Alexander Mahé Owens Drysdale  (born 19 November 1978) is a retired New Zealand rower. Drysdale is a two-time Olympic champion and a five-time world champion in the single sculls. He is a seven-time New Zealand national champion and five-time recipient of New Zealand Sportsman of the Year.

Early life and background
Born in Australia to New Zealand parents, the name Mahé comes from the largest island in the Seychelles. He attended Tauranga Boys' College in Tauranga, New Zealand, then the University of Auckland where he took up rowing at the age of 18. He initially gave up rowing to concentrate on his studies, but began again after watching fellow New Zealander Rob Waddell win gold at the 2000 Olympic Games. Drysdale rowed from West End Rowing Club in Avondale, Auckland, New Zealand, and is also a member of the Tideway Scullers School, London.

World Championships
Drysdale first represented for New Zealand at the Rowing World Cup III in 2002, in the New Zealand coxless four. After the 2004 Olympic Games, where his New Zealand crew finished fifth in the final, Drysdale switched to the single scull. He won his first World Championship title at the 2005 World Rowing Championships at Gifu, Japan, despite having broken two vertebrae in a crash with a water skier earlier in the year.

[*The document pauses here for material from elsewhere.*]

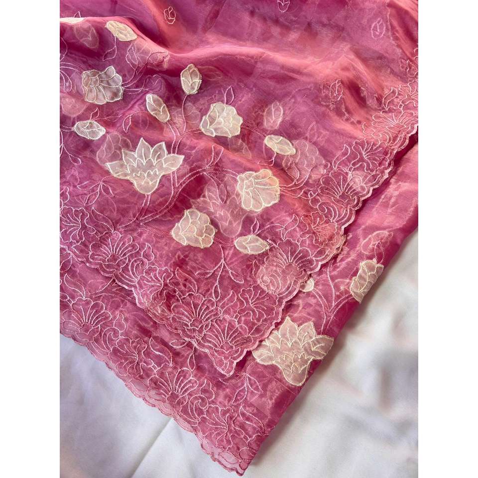 ผ้าไหมชานดาแท้จาก Elite Weaves สีชมพู พร้อมงานปักลาย น้ำหนัก 490 กรัม สำหรับแฟชั่นอินเดียและปากีสถาน
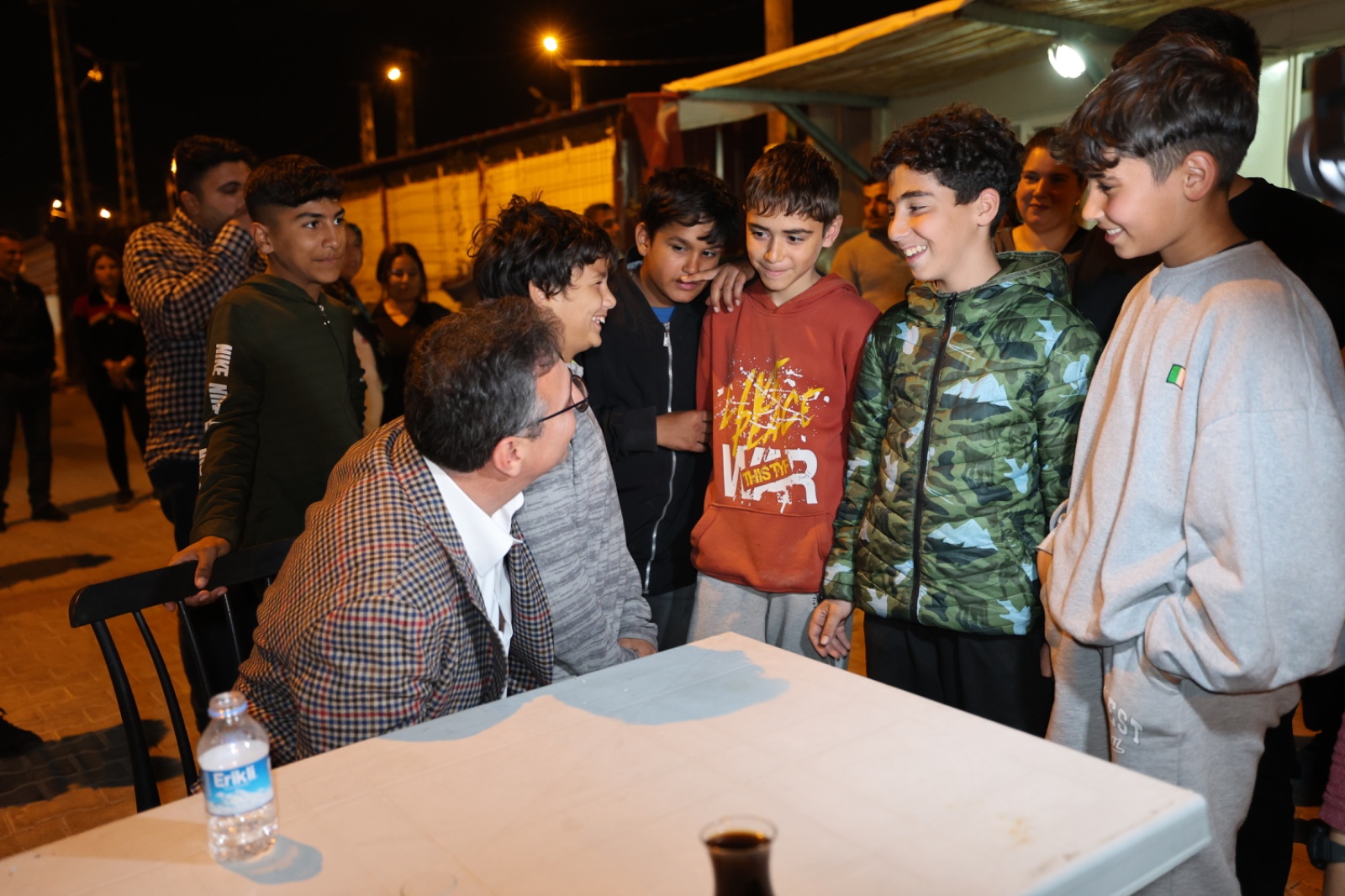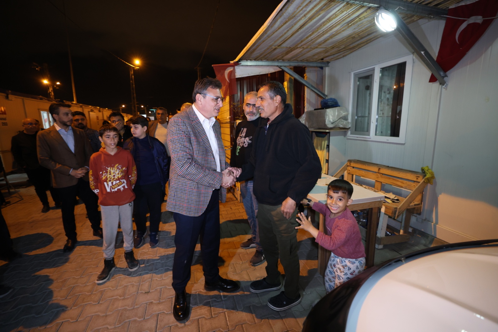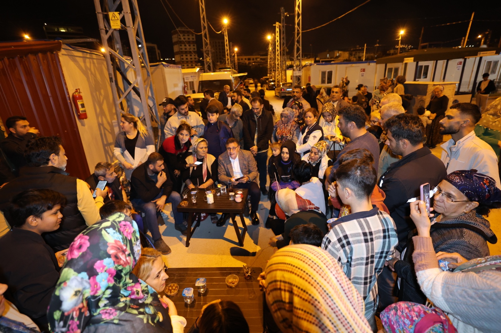 Başkan Adayı Mehmet Dönmez, iftar sonrası, Adliye Binası arkasında konuşlandırılan Arkas Konteyner Kenti ziyaret ederek, burada depremde evleri hasar gören ve yıkılan vatandaşlarımızın sorunlarını dinledi.

He successfully defended his title in 2006 at Dorney Lake, Eton, England, in 2007 at Munich, Germany, and again in 2009 in Poznań, Poland, holding off Britain's Alan Campbell and the Czech Republic's Ondřej Synek. At the 2009 World Rowing Championships he beat his own world best time in the single and reduced it to 6:33.35. As of 2021 that time stands as the best time at a World Rowing Championship  but it was beaten in 2017 by his countryman Robbie Manson for the new men's single scull world record.

Olympic Games
At his first Olympic Games, in 2004, Drysdale was part of the New Zealand coxless four team that finished fifth.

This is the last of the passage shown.